On Thu, Aug 26, 2021 at 10:02:07AM -0400, Tom Lane wrote:

hubert depesz lubaczewski <depesz@depesz.com> writes:

It seems that for every function, pg_dump is getting it's data, and then
runs format_type on each parameter/output type? I'm mostly guessing
here, as I didn't read the code.
Wouldn't it be possible to get all type formats at once, and cache them
in pg_dump? Or at the very least reuse already received information?

Send a patch ...

Yeah, that's not going to work, my C skills are next-to-none :(

I guess I'll have to wait till someone else will assume it's a problem,
someone with skills to do something about it.

Best regards,

depesz

tgl@sss.pgh.pa.us

almost 5 years ago

In reply to: hubert depesz lubaczewski (#3)

hackersgeneral

Re: Can we get rid of repeated queries from pg_dump?

hubert depesz lubaczewski <depesz@depesz.com> writes:

On Thu, Aug 26, 2021 at 10:02:07AM -0400, Tom Lane wrote:

hubert depesz lubaczewski <depesz@depesz.com> writes:

Wouldn't it be possible to get all type formats at once, and cache them
in pg_dump? Or at the very least reuse already received information?

Send a patch ...

Yeah, that's not going to work, my C skills are next-to-none :(
I guess I'll have to wait till someone else will assume it's a problem,
someone with skills to do something about it.

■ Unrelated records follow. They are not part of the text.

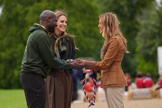 Chief Scout Dwayne Fields presents a Scout scarf to First Lady Melania Trump (right) after she and the Princess of Wales (centre) met members of the Scouts' Squirrels programme in Frogmore Gardens in Windsor, Berkshire, on day two of US President Donald Trump's second state visit to the UK. The princess and the US first lady joined 20 Squirrel Scouts taking part in nature activities on the Windsor Castle estate to earn their Go Wild badges. Picture date: Thursday September 18, 2025., Credit:Yui Mok / Avalon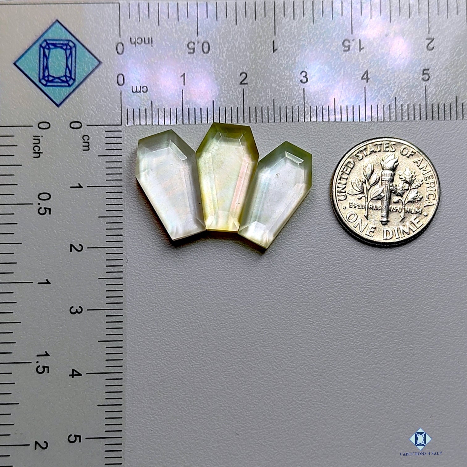 Swipe images to see stone with Dimension chart. This Is a Mother Of Pearl + Crystal Quartz Doublets. The Product is a natural Coffin Doublets.Mother Of Pearl + Crystal Quartz Doublets in Rainbow colour with the approx size of 10 to 15mm. Clarity of This Mother Of Pearl + Crystal Quartz Doublets Piece is Doublets. The Product is sold as pictured 1pc Coffin Doublets Mother Of Pearl + Crystal Quartz Doublets for the price Listed.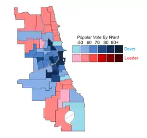 Dever won thirty-two of the city's fifty wards[2] (the 1923 election was the first after the city had redistricted itself from 35 to 50 wards).[3] His greatest share of votes was in the city's ten inner-city ethnic wards, located in traditional Democratic strongholds.[2] Lueder won the wards in traditionally-Republican areas on the edge of the city.[2] However, Dever made inroads with voters in these edge wards.[2] Dever also had made inroads among Black and Jewish voters.[2][3]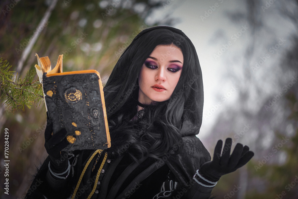 Samolepka Beautiful young enchantress walking in the winter forest.

Well, you could move it forward by doing the legwork to identify which
queries are worth merging. Is it really sane to do a global "select
format_type() from pg_type" query and save all the results on the client
side? I wonder whether there are cases where that'd be a net loss.
You could do the experimentation to figure that out without necessarily
having the C skills to make pg_dump actually do it.

regards, tom lane

hubert depesz lubaczewski

depesz@depesz.com

almost 5 years ago

In reply to: Tom Lane (#4)

hackersgeneral

Re: Can we get rid of repeated queries from pg_dump?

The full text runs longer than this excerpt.